## GIVEN DATA:
========

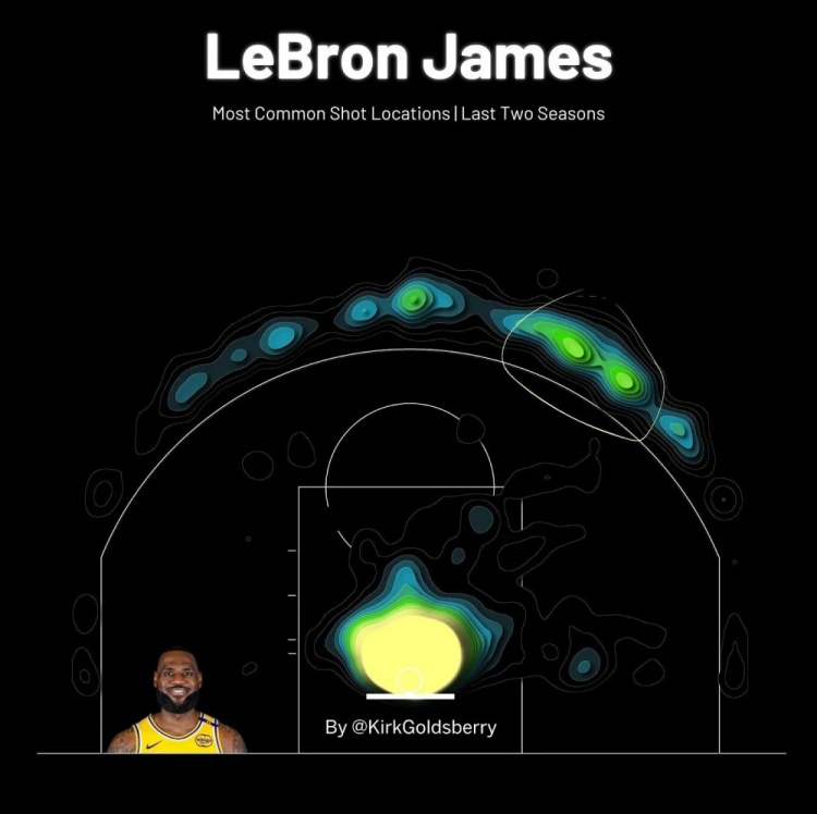 這與卡爾-馬龍和約翰-斯托克頓的情況不同。詹姆斯和東契奇都喜歡球場(chǎng)上的相同位置,兩人都偏愛(ài)三分線外左側(cè)45度以及突破至籃下。
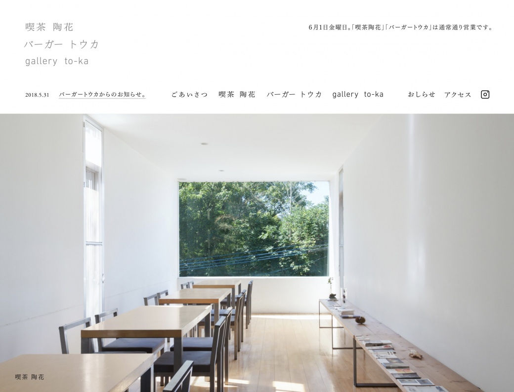 福岡県糟屋郡篠栗町にある喫茶 陶花・バーガー トウカ・gallery to-ka のウェブサイトを担当しました。
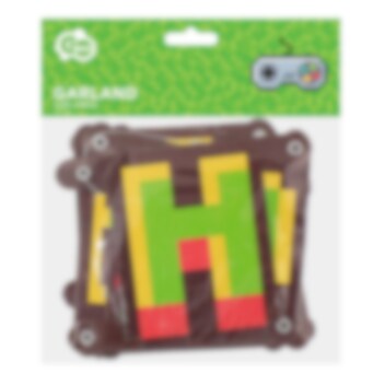 Dekorative Girlande für die Kinderparty mit Gaming-Thema. Die Girlande besteht aus Pappe, ist einseitig bedruckt und hat eine Länge von ca. 160 cm.

========

## PROBLEM TO SOLVE:
Please output all of the data exactly as given, omitting any images it holds.

## ANSWER BOX:
 這與卡爾-馬龍和約翰-斯托克頓的情況不同。詹姆斯和東契奇都喜歡球場(chǎng)上的相同位置,兩人都偏愛(ài)三分線外左側(cè)45度以及突破至籃下。
 福岡県糟屋郡篠栗町にある喫茶 陶花・バーガー トウカ・gallery to-ka のウェブサイトを担当しました。
 Dekorative Girlande für die Kinderparty mit Gaming-Thema. Die Girlande besteht aus Pappe, ist einseitig bedruckt und hat eine Länge von ca. 160 cm.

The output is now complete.